Но если поэт оказался способным осуществить это чудо, он способен представить неизмеримейшую связь в самом понятном единстве. Чем больше, чем обширнее связь, которую он хочет сделать понятной, тем больше должен он усиливать свойства своих образов. Чтобы сделать время и место соответствующими этим образам, он и их обширность сузит в чудесную форму; свойства разбросанных моментов времени и места сделает принадлежностью своих ярких образов так точно, как раньше он соединил отдельные мотивы в один главный; выражение этих свойств усилит настолько, насколько усилил раньше мотивами действие.

 


Даже самые необычайные образы, которые нарисует поэт при такой манере творчества, в действительности никогда не будут неестественными, потому что в них изменена вовсе не природная сущность; только проявления ее соединены в ясную, понятную художнику картину. Поэтическая смелость, которая соединяет в такую картину проявления природы, может быть близка только нам, потому что благодаря опыту мы, познали сущность природы.

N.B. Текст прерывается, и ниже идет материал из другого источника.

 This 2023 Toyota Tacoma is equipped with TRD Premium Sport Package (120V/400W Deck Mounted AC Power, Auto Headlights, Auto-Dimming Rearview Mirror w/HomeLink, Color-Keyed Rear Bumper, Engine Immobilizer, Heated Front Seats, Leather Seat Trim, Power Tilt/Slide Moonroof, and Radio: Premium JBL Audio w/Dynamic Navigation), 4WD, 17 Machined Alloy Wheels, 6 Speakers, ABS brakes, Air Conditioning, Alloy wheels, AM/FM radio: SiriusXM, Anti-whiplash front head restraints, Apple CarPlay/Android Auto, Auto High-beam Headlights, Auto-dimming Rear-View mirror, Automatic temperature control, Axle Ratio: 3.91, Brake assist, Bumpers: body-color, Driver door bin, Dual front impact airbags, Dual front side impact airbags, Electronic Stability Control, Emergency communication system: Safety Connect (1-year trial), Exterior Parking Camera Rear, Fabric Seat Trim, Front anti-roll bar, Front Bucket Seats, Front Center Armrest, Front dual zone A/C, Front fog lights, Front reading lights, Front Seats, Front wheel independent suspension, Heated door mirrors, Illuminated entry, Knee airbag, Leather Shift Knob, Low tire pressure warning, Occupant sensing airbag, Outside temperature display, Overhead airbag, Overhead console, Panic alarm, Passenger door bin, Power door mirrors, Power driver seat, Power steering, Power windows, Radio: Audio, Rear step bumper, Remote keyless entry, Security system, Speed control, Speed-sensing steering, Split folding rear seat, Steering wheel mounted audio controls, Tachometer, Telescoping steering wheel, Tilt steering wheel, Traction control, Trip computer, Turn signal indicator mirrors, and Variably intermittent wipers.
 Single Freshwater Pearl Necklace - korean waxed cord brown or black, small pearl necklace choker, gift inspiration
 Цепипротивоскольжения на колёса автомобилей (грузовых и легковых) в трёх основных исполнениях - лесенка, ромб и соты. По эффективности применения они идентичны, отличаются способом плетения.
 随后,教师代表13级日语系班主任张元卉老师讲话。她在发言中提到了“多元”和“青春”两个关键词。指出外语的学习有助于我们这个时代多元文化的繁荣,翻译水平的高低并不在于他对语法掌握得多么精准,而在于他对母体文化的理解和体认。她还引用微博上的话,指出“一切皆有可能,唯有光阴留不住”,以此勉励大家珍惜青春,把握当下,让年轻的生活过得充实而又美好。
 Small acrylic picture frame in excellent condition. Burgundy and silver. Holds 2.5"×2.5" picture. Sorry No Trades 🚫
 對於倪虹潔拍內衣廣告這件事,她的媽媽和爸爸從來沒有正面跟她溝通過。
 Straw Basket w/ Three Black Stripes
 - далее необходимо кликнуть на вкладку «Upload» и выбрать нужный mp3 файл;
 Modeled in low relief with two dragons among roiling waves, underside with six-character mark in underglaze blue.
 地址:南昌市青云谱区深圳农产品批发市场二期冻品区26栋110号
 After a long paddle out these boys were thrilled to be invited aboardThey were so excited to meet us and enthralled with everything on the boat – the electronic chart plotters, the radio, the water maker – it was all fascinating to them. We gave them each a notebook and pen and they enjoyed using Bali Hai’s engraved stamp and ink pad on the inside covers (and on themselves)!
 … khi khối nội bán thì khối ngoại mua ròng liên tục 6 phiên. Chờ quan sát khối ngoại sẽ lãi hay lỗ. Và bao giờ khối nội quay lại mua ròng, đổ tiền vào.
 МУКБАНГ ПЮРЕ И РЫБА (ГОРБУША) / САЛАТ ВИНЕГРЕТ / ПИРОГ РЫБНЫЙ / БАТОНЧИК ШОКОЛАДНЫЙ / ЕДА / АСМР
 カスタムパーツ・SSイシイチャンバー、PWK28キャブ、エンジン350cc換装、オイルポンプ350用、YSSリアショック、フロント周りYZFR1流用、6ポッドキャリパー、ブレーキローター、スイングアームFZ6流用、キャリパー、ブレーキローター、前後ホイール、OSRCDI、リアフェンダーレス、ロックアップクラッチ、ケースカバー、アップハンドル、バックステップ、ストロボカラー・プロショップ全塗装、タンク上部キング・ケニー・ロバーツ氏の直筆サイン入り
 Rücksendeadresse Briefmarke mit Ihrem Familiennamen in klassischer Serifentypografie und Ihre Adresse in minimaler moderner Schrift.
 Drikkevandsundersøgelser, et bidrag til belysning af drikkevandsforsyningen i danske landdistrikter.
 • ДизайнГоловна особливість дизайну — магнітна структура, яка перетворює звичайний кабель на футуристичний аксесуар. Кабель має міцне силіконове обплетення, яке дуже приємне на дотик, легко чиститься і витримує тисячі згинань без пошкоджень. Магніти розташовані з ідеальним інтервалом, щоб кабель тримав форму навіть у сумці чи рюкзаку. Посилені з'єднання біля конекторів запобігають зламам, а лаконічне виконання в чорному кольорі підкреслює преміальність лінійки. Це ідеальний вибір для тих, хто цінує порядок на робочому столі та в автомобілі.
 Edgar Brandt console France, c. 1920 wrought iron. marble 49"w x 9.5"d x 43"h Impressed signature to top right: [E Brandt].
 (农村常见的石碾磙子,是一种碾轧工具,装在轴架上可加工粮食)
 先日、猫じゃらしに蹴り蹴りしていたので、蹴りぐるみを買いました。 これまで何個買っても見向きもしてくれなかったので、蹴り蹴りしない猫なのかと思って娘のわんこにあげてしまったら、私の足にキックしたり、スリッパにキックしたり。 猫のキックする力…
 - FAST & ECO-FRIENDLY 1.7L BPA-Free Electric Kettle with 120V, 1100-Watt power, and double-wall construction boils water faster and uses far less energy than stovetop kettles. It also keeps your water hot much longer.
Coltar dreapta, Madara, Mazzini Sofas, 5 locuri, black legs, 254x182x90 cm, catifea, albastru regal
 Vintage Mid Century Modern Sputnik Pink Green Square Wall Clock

Доколе явления природы были для людей объектом фантазии, им должно было подчиняться и человеческое воображение. Их кажущееся существование при созерцании мира человеческих явлений управляло миром так, что необъяснимое в нем, или, лучше сказать, необъясненное, они принимали за результат произвольного влияния сверхъестественной, сверхчеловеческой силы, которая в конце концов отрицала в чуде как природу, так и человека. Как реакция против такой веры в чудеса явились у самого поэта рационально-прозаические требования, желание отказаться от чуда даже и в поэзии; и случилось это в те времена, когда естественные явления, до сих пор обозревавшиеся только взором фантазии, сделались предметом научных выкладок. Но и научное понимание в определении сущности этих явлений было неустойчиво до тех пор, пока хотело объяснить их при помощи анатомического раскрытия всех их внутренних подробностей. Они стали нам ясны тогда, когда мы начали относиться к природе как к живому организму, а не искусственно созданному механизму; когда поняли, что она не сотворена, а сама постепенно развивается, что она соединяет в себе элементы производящий и рождающий — мужчину и женщину; что в общем мы можем удовольствоваться этими знаниями. Для подтверждения их нам не нужно путем математических вычислений убеждаться в дальнейших положениях, так как на каждом шагу, в малейших явлениях природы мы находим доказательства того, что при дальнейшем изучении могло бы явиться лишь подтверждением наших знаний. Сверх того мы знаем также, что находимся здесь для наслаждения природой, так как мы можем ею наслаждаться, способны к этому. Но наиболее разумным наслаждением природой является то, которое удовлетворяет нашу общую потребность в наслаждении. Единственно в общности органов чувств и наибольшем развитии способности наслаждаться лежит мера для наслаждений человека. Художник,

 


отдающийся этой способности, должен поэтому взять такую меру как меру явлений, которые он хочет представить себе в их связи. Мерой этой для изображения природы в ее проявлениях можно пользоваться настолько, насколько это соответствует их соответственному содержанию, которое поэт своим сгущением и усилением не искажает, а делает более ярким в такой мере, которая соответствует мере возбужденного человеческого желания понять наибольшую связь явлений. Наиболее полное знание природы дает поэту возможность представить нам ее явления в чудесном образе, потому что только в этом образе они как условия возвышенных человеческих деяний могут стать нам понятными.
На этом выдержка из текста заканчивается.